Who is the hottest couple on Yale’s campus? Yale College Council President Rebecca Taber ’08 and star running back Mike McLeod ’09 — at least according to JuicyCampus.com.

The Web site, launched last August by 2005 Duke University graduate Matt Ivester, allows students at almost 60 colleges to anonymously start threads and post comments.

Students at several colleges across the country have expressed concern about the Web site, which they say provides an anonymous forum on which to bash classmates. But response to the site at Yale has been relatively muted, likely because many Elis are unaware of its existence.

The Student Government Association at Pepperdine University in Malibu, Calif., passed a resolution last month encouraging the school’s administration to bar the online forum from the campus network. And after a student posted a thread in which he threatened to shoot people at Loyola Marymount University in December, outraged students there founded an 860-member Facebook group entitled “Ban JuicyCampus.”

Those efforts to outlaw the Web site come at a time when two Yale Law School students are pursuing legal action against anonymous posters to AutoAdmit.com — an online discussion forum for those applying to law schools — for allegedly libelous comments added to that site in 2006 and early last year.

But JuicyCampus has not provoked a similar response among undergraduates here, despite the presence on the site of threads that target individual students. Posters to the site have mentioned specific student names in discussions such as “craziest bitch on the Yale campus” and “most overrated person at Yale.”

Ivester could not be reached for comment over the weekend.

Until contacted by the News, Gary DeTurck ’08, whom posters to the Web site have proclaimed the “most eligible bachelor at Yale,” said he had never visited JuicyCampus.

“It’s not hard to imagine a forum like JuicyCampus getting out of hand, and frankly I’d be happier if it didn’t exist or if Yale weren’t a part of it,” DeTurck wrote in an e-mail.

Clay Turner ’08, who, according to one JuicyCampus thread, is “most likely to be president,” also was previously unaware of the site’s existence. But he said the concept of the site does not bother him, since he is “pretty pro-free speech.”

According to JuicyCampus’ FAQ page, those who wish to remove a comment have little to no recourse. The FAQ page admonishes users concerned about the truthfulness of items posted on the site to consider whether statements are fact or opinion.

“Facts can be untrue. Opinions can be stupid, or ignorant, or mean-spirited, but they can’t be untrue,” the page reads. Those who object to posts on factual grounds are instructed to give the posts “a big thumbs down” by clicking an icon next to the post to express disapproval.
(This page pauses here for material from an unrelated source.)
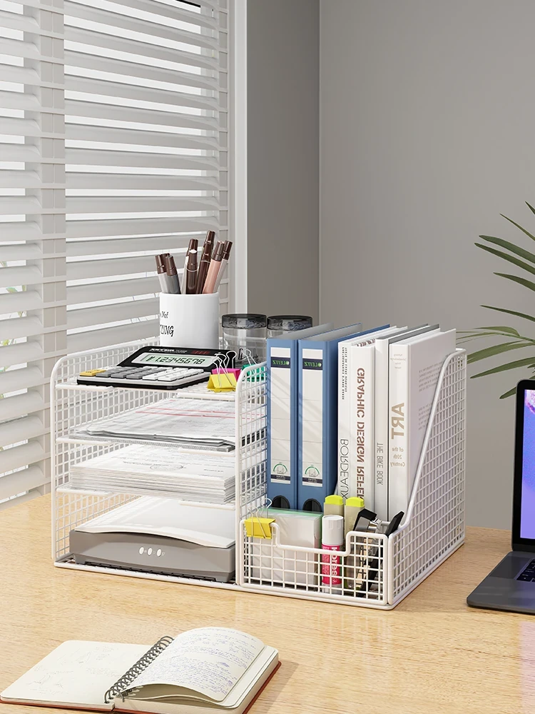 A3/A4 Desktop File Organizer - Stylish Metal Bookcase for Office - Perfect for Desk Storage & Document Organization - Keep Your Workspace Tidy and Efficient!

While a hand gesture may seem to some students to be an unsatisfying response to public defamation, there is little that students can legally do to combat slander on JuicyCampus, said Lynn LoPucki, a professor at the UCLA School of Law. Since the Web site’s operators are protected against liability, she said, it is difficult to track down anonymous posters to bring them to court.

Lawyers for the law students targeted on AutoAdmit gained approval from a judge last month to subpoena Internet service providers in the hopes of identifying 39 anonymous posters to that site.